EXERCISE DESCRIPTION: Skip the pictures and write out, word for word, the lines below from the one with "Product: Partij ijzerwaren" through the one with "A cena foi registrada", inclusive.

RECORDS:
_ _ _ _

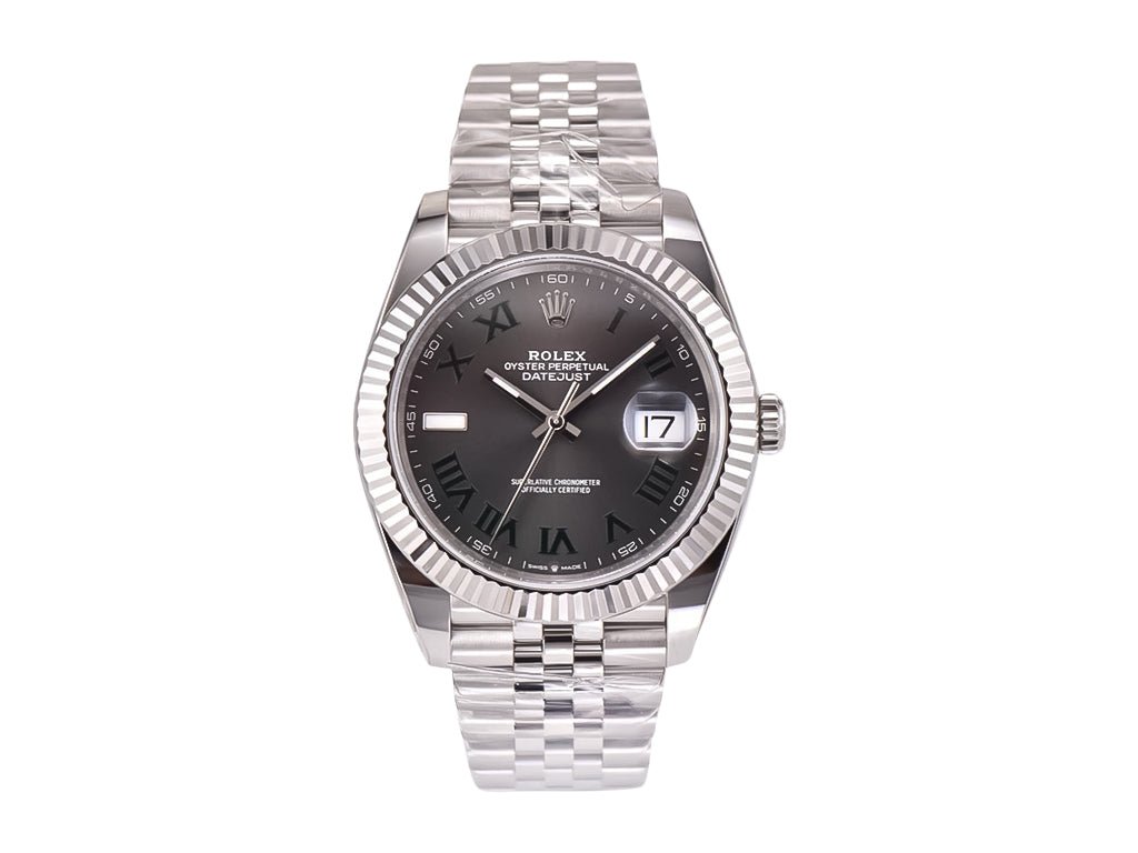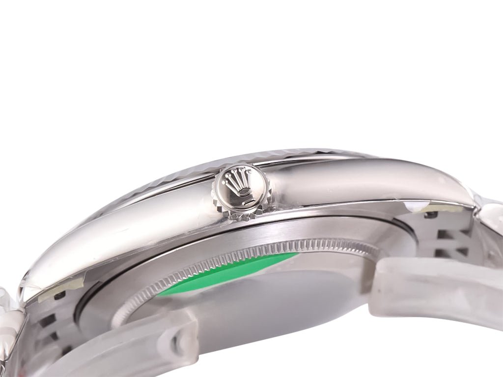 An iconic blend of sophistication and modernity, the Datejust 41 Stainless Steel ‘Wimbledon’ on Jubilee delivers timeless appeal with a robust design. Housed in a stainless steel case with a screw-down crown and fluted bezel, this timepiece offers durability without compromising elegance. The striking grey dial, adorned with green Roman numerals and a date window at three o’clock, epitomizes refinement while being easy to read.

_ _ _ _

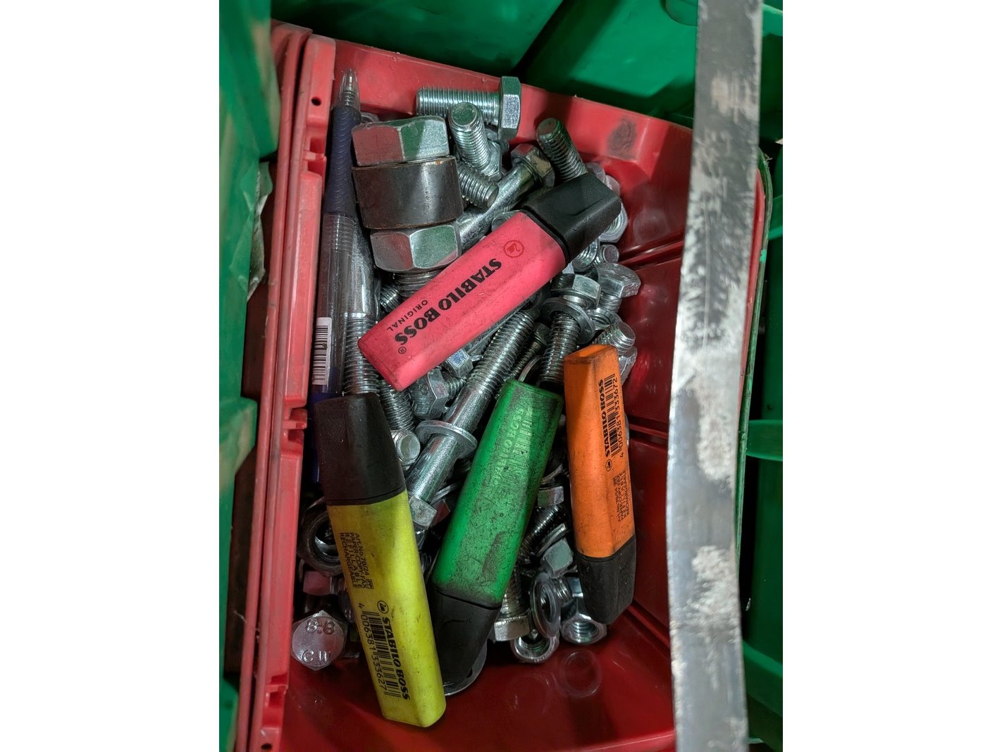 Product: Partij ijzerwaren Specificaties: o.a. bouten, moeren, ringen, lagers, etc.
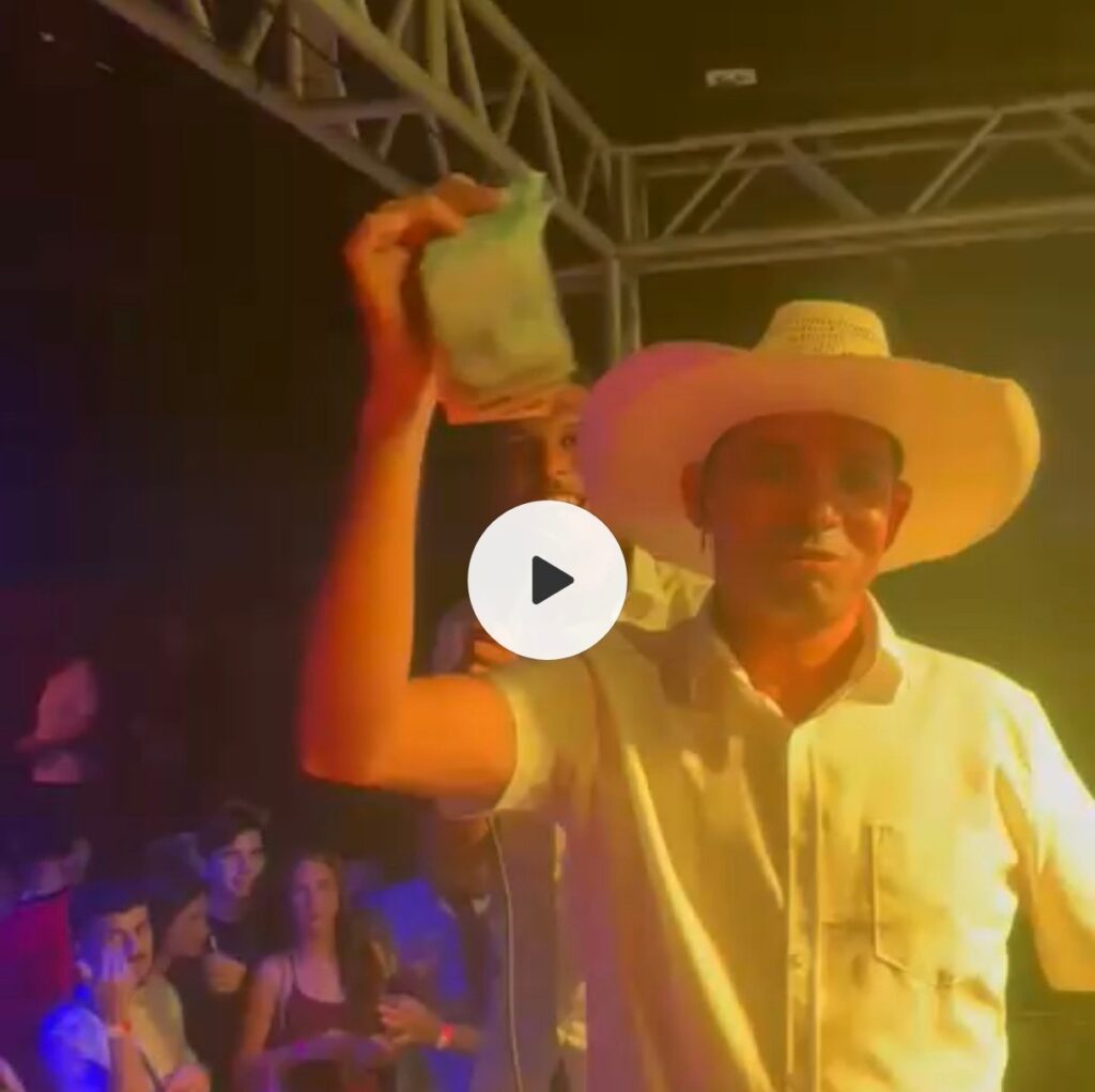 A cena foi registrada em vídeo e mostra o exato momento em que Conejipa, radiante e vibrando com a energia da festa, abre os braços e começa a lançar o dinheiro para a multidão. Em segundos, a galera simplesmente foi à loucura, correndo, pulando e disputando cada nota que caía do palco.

_ _ _ _

ANSWER FOR THE TASK:
 Product: Partij ijzerwaren Specificaties: o.a. bouten, moeren, ringen, lagers, etc.
 A cena foi registrada em vídeo e mostra o exato momento em que Conejipa, radiante e vibrando com a energia da festa, abre os braços e começa a lançar o dinheiro para a multidão. Em segundos, a galera simplesmente foi à loucura, correndo, pulando e disputando cada nota que caía do palco.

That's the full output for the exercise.